Tuesday, April 30, 2002

I resemble that remark

Reflection....

Reflection...

My dad  is a great proponent for education - but he always warned us:

"The more education people have, it seems the less common sense they have."

Does he have a point? How might this impact our pursuit of knowledge management solutions?

[Cathy O. Frampton]

My wife would certainly agree with your father after living with me all these years. :)

As to how that might relate to KM, I suspect that KM efforts will eventually help reinforce the notion of multiple intelligences and their relevance to organizational success. In the short term, KM efforts are likely to shift the balance toward those people in organizations who are most facile with the written word. That might become a problem if you couple it with the observation that a great deal of power in organizations flows to those most facile with the spoken word. 

Senior management is generally an oral culture and KM is a literate culture. An area for unexpected conflict and, to be hoped, eventual reconciliation

3:39:44 PM •  • comment  
Science and democracy

Odds Are Stacked When Science Tries to Debate Pseudoscience. Opponents of the scientific method try very hard to appear in debates with scientists. Merely being on the same stage represents a victory. By Lawrence M. Krauss. [New York Times: Science]
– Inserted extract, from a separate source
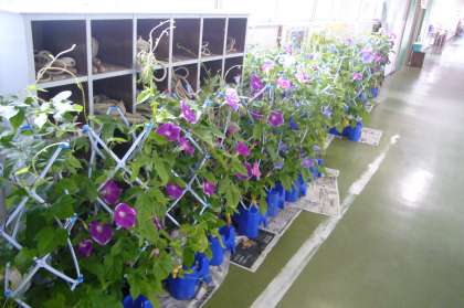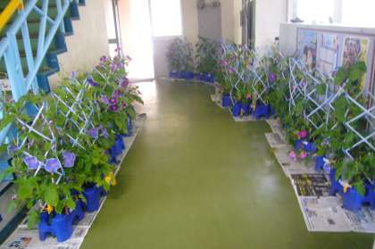 強風を避けるために、1年生はアサガオを昇降口近くのろうかに移動させました。

Well worth reading on a number of levels. Two snippets worth noting:

Science is not fair. All ideas are not treated equally. Only those that have satisfied the test of experiment or can be tested by experiment have any currency. Beautiful ideas, elegant ideas and even sacrosanct notions are not immune from termination by the chilling knife edge of experimental data.

...

Science is not a democratic process. It does not proceed by majority rule and it does not accept notions that have already been disproven by experiment.

The curious thing is that science and democracy get along so well that we often fail to appreciate how different they are at root.

One particular problem this raises is that we don't see the limits on the possible that science takes for granted. We see the miracles and believe that anything is possible.  Worse, the worldviews are so deeply embedded that the two cultures often can't even recognize that they aren't communicating. For a legislator, to whom everything is negotiable, hearing a scientist claim something as impossible sounds like no more than an opening position for a debate. To a scientist, it is a claim that debate is irrelevant because we've moved outside the boundaries of science.

Based on the amount of nonsense trying to pass itself off as science and the general credence it is granted by the media and the general public, I'm not confident about our ability as a culture to learn to think with discipline.  This is not a good time to rely on lazy thinking.